◆ **REQUIRED ACTION**
Two lines in the listing below mark the span: one contains "7. Move the" and one contains "这是4月13日在广州天河区的小鹏科技园拍摄的陆地航母飞行汽车。新华社图文". Reproduce both of them and everything between, exactly.

◆ **INPUT FOR THIS TASK**
------------------------

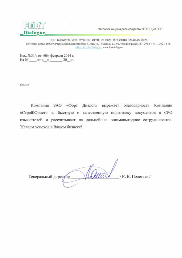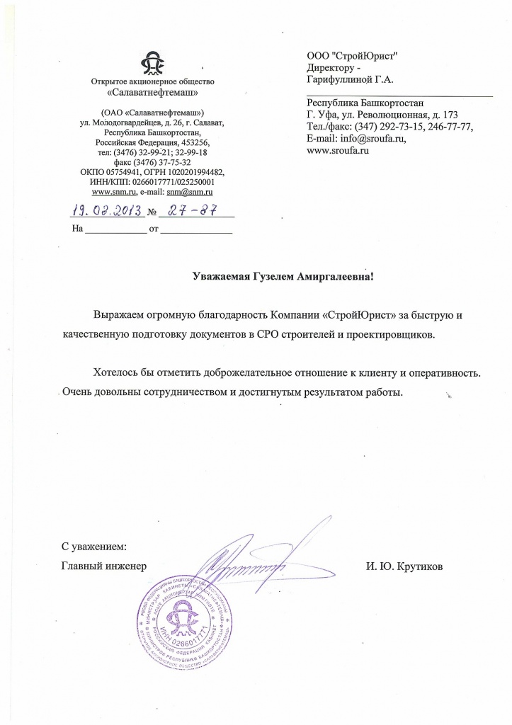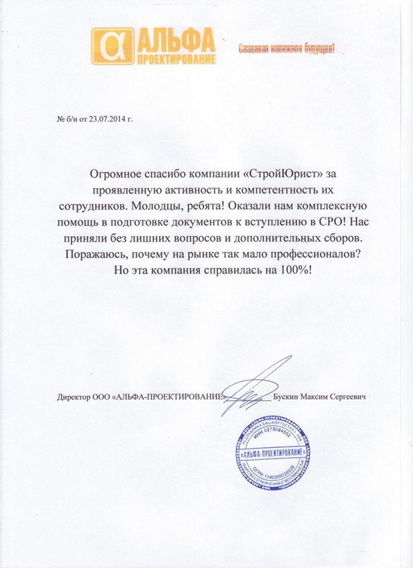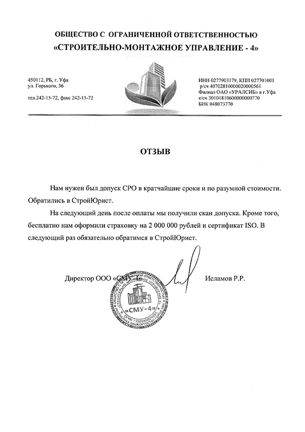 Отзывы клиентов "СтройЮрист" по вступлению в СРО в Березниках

------------------------

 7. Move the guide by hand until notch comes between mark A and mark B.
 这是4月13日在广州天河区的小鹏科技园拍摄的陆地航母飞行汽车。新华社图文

------------------------

◆ **TASK SOLUTION**
 7. Move the guide by hand until notch comes between mark A and mark B.
 这是4月13日在广州天河区的小鹏科技园拍摄的陆地航母飞行汽车。新华社图文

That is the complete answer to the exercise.